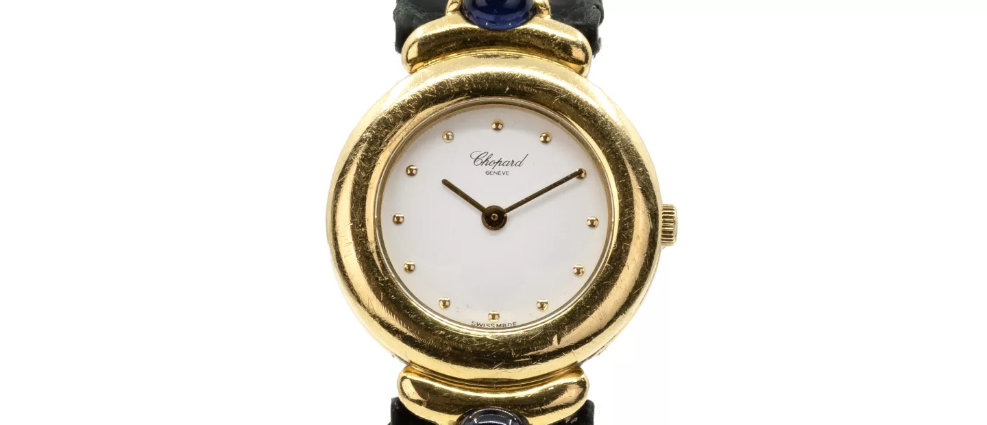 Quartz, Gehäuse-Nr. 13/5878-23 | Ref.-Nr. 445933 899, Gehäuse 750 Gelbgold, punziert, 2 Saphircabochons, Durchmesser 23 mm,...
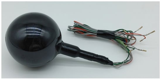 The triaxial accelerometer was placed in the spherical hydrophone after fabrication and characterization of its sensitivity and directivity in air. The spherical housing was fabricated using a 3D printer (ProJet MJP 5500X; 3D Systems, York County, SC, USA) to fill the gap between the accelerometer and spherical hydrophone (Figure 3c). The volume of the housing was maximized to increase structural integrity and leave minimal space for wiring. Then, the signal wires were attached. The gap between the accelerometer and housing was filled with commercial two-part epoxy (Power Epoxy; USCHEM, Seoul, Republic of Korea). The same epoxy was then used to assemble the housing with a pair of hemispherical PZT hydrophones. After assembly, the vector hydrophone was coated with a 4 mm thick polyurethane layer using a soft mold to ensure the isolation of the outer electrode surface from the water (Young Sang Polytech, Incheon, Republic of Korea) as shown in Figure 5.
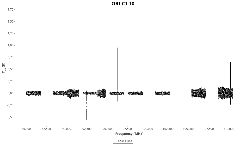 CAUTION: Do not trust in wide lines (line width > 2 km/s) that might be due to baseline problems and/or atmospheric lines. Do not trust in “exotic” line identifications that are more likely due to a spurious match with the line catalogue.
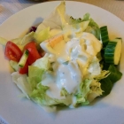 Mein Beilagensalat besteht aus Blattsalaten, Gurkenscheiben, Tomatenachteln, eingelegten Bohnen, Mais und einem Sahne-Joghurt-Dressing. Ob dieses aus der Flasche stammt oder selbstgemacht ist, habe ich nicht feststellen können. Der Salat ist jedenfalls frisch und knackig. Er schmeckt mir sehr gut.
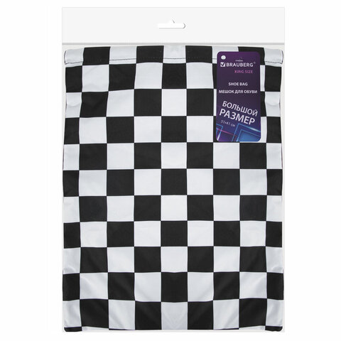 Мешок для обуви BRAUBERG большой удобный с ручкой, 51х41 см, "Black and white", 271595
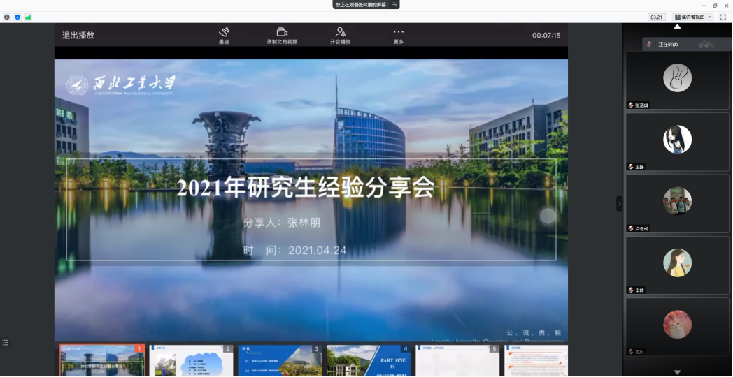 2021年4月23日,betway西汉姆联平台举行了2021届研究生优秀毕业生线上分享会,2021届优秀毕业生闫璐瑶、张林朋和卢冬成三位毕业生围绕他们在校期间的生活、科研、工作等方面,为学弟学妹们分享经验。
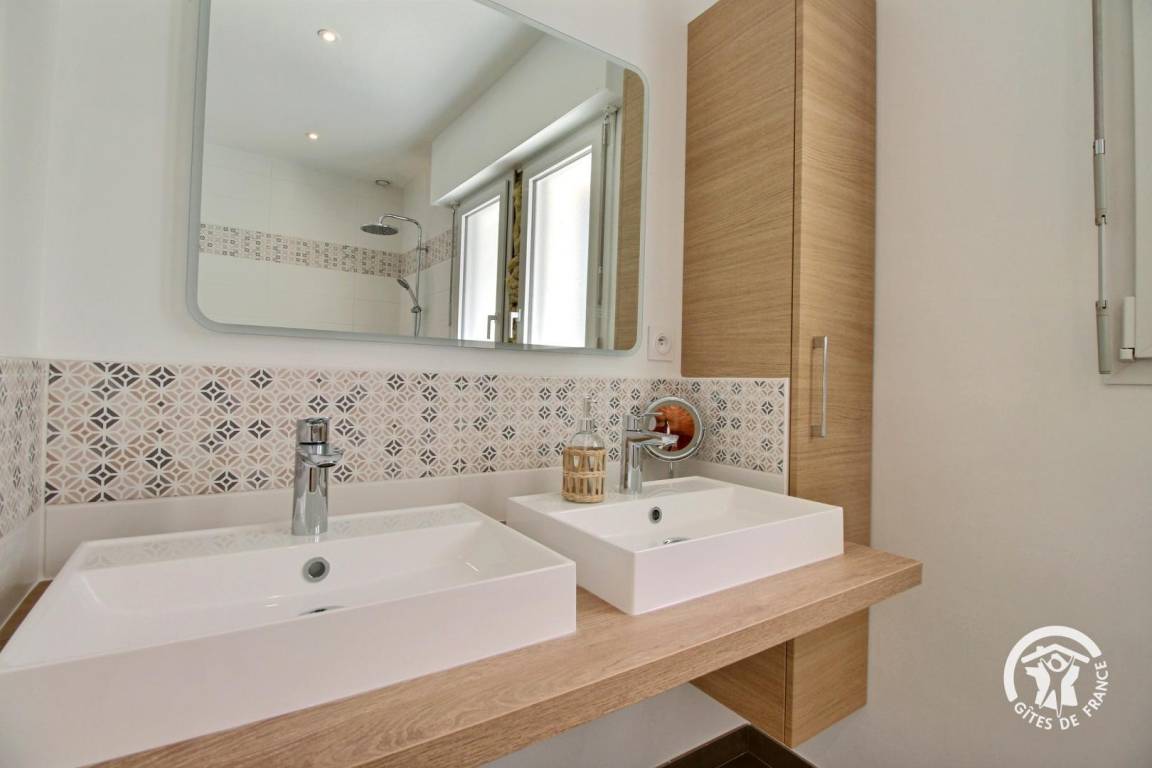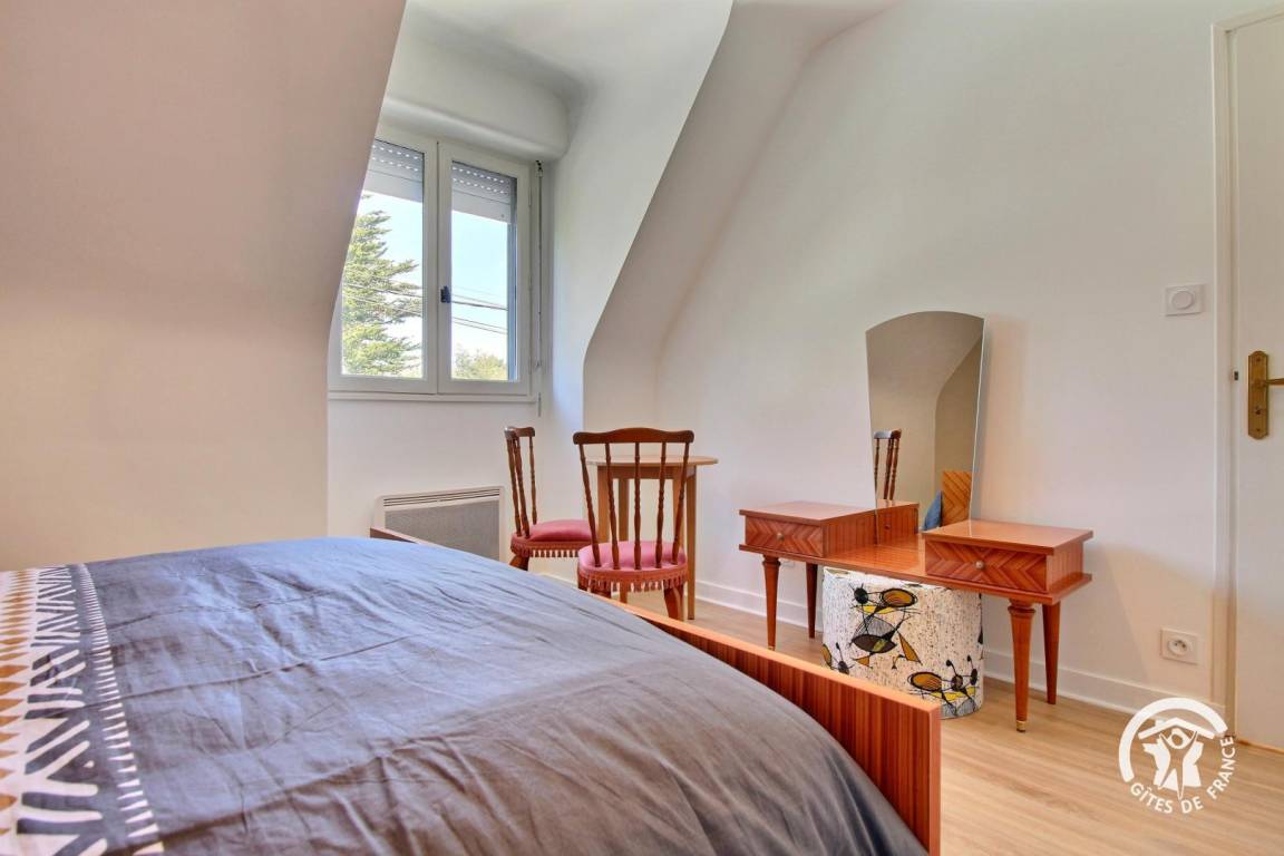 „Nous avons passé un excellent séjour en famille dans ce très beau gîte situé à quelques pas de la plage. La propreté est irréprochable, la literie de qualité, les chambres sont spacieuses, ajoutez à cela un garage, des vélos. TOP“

----

| Task statement |
A faithful copy of the data above is wanted, with every image left out.

| Solution to this exercise |
 Quartz, Gehäuse-Nr. 13/5878-23 | Ref.-Nr. 445933 899, Gehäuse 750 Gelbgold, punziert, 2 Saphircabochons, Durchmesser 23 mm,...
 The triaxial accelerometer was placed in the spherical hydrophone after fabrication and characterization of its sensitivity and directivity in air. The spherical housing was fabricated using a 3D printer (ProJet MJP 5500X; 3D Systems, York County, SC, USA) to fill the gap between the accelerometer and spherical hydrophone (Figure 3c). The volume of the housing was maximized to increase structural integrity and leave minimal space for wiring. Then, the signal wires were attached. The gap between the accelerometer and housing was filled with commercial two-part epoxy (Power Epoxy; USCHEM, Seoul, Republic of Korea). The same epoxy was then used to assemble the housing with a pair of hemispherical PZT hydrophones. After assembly, the vector hydrophone was coated with a 4 mm thick polyurethane layer using a soft mold to ensure the isolation of the outer electrode surface from the water (Young Sang Polytech, Incheon, Republic of Korea) as shown in Figure 5.
 CAUTION: Do not trust in wide lines (line width > 2 km/s) that might be due to baseline problems and/or atmospheric lines. Do not trust in “exotic” line identifications that are more likely due to a spurious match with the line catalogue.
 Mein Beilagensalat besteht aus Blattsalaten, Gurkenscheiben, Tomatenachteln, eingelegten Bohnen, Mais und einem Sahne-Joghurt-Dressing. Ob dieses aus der Flasche stammt oder selbstgemacht ist, habe ich nicht feststellen können. Der Salat ist jedenfalls frisch und knackig. Er schmeckt mir sehr gut.
 Мешок для обуви BRAUBERG большой удобный с ручкой, 51х41 см, "Black and white", 271595
 2021年4月23日,betway西汉姆联平台举行了2021届研究生优秀毕业生线上分享会,2021届优秀毕业生闫璐瑶、张林朋和卢冬成三位毕业生围绕他们在校期间的生活、科研、工作等方面,为学弟学妹们分享经验。
 „Nous avons passé un excellent séjour en famille dans ce très beau gîte situé à quelques pas de la plage. La propreté est irréprochable, la literie de qualité, les chambres sont spacieuses, ajoutez à cela un garage, des vélos. TOP“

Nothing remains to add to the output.